In the early years of market reform up to 1998, housing reform had led to some significant changes in the structure of housing provision. Only after 1998 did the role of working units in allocating housing change greatly. At that time the traditional system of housing allocation was cancelled, and a new housing allocation system, with subsidy by the nation and the working units, was established.

Residential mobility before the mid-1980s was low and insignificant in shaping urban social spatial structure, because of a housing shortage and a housing allocation system based on the construction and allocation of housing by working units.

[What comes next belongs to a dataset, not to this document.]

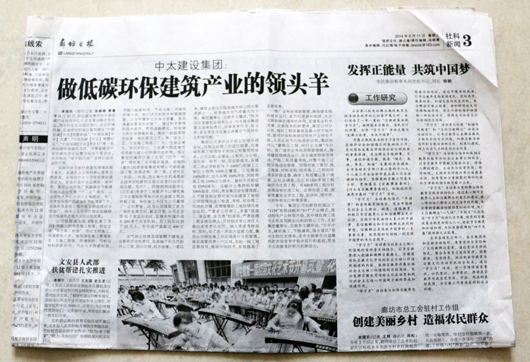 廊坊日?qǐng)?bào)三版頭條報(bào)道了中太建設(shè)集團(tuán)做低碳環(huán)保建筑產(chǎn)業(yè)的領(lǐng)頭羊

With the abolishment of housing allocation by working units beginning in 1998, the working units are taking measures to encourage employees to buy their private housing through an accumulation fund of housing, loans for private housing, housing subsidies by the nation and by the working units, etc. As a result, the freedom of purchasing housing and the flexibility of selecting housing location are strengthened. It is not necessary for the employees in the same working units to live together, and for the new housing purchasers to live near their working units. Thus, the spatial separation between residence and employment appears, with more and more commuters in Chinese cities. The new housing system had played an important role in restructuring the social space in urban China,

As a result of innovation in the housing allocation system, the structure of construction of each kind of housing changed since 1998. The numbers of housing units built by the central government agencies or local units were decreasing, while the number of housing built by real estate enterprises was increasing. In 2000, the proportion of the housing built by the central units was only 18.6%, while in 1997 it had been 25.4%. The proportion of the housing built by local units in the total of city was 13.8% in 2000, compared to 26.6% in 1997. The proportion of housing built by real estate enterprises increased from 48.0% in 1997 to 67.7% in 2000.